Ingrid pushes her way through the city. Dust persists everywhere; it’s in the alleys and the streets, in the houses and the shelters, in the faces and the lips, in the souls and in the shadows. Everything is aging, even the new looks old. That scent of death colors the stifling air. The war, it’s faraway, but its pain is everywhere. People smile, they do. At times, it’s to mask that pain, and at times to forget it, but it always infiltrates their feeble faces to strike them with its coldness that freezes all expression. It’s all so bloody. That stink of bloody, bloody war! She stops abruptly and forces herself to halt that flow of thought. She must move forward. She is late.
In their last meeting, everything in Matthew seemed to be subdued to a definitive sense. His voice, especially his voice, it always felt so ancient, but that time, something was different. She turns the matter over in her head, yet, with all her might, she pushes that one possibility away. Could that be?
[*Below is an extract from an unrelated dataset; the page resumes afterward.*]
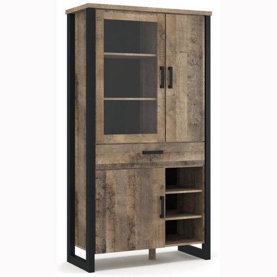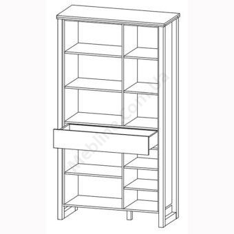 Вітрина з дверцятами, відкритими полицями та висувною шухлядою.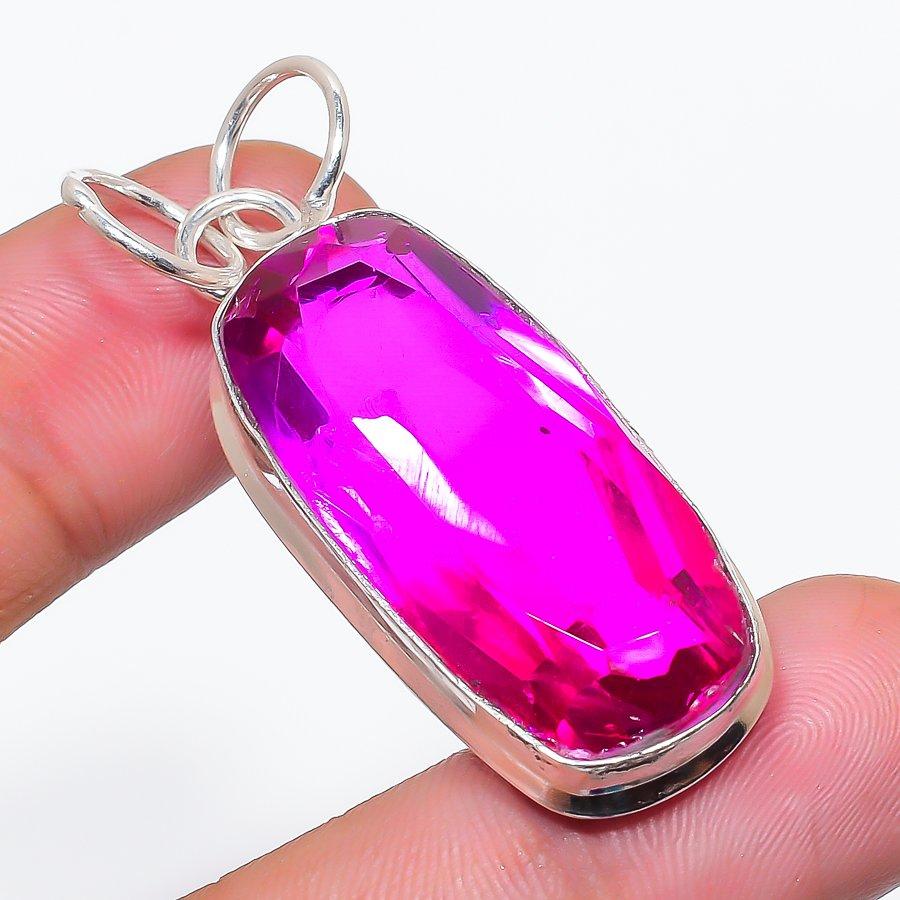 Natural Pink Rubillite Gemstone 925 Sterling Silver Jewelry Pendant 2.01" AP-14108

Now? No. Never. The mere thought of it makes her cringe.
She is now standing before his door in the motel. She knocks it, six times, each three with a different tone. It is their sign. She holds the doorknob, in her mind, a desperate wish for him to be in there. She sees him. A sigh of relief escapes her mouth carrying with it a mountain of fear.
He looks at her face, as though trying to bury it deep within him lest he will forget. It makes her sure now. It makes her see it all. He leaves her without uttering a word and stands by the window, the dusty horizon stretching before him.
“You are leaving,” she says. It’s not a question. She knows. She has known it since that stranger broke into her life, he’d have to leave. It never entered her head though that now is the time.
“Yes.” He is still looking away.
“Is there anyway you can stop it? It’s all about a machine, right? Destroy it then, or …. I don’t know.” Desperation leaks to her voice. “Please don’t go, not now. Stay in my time”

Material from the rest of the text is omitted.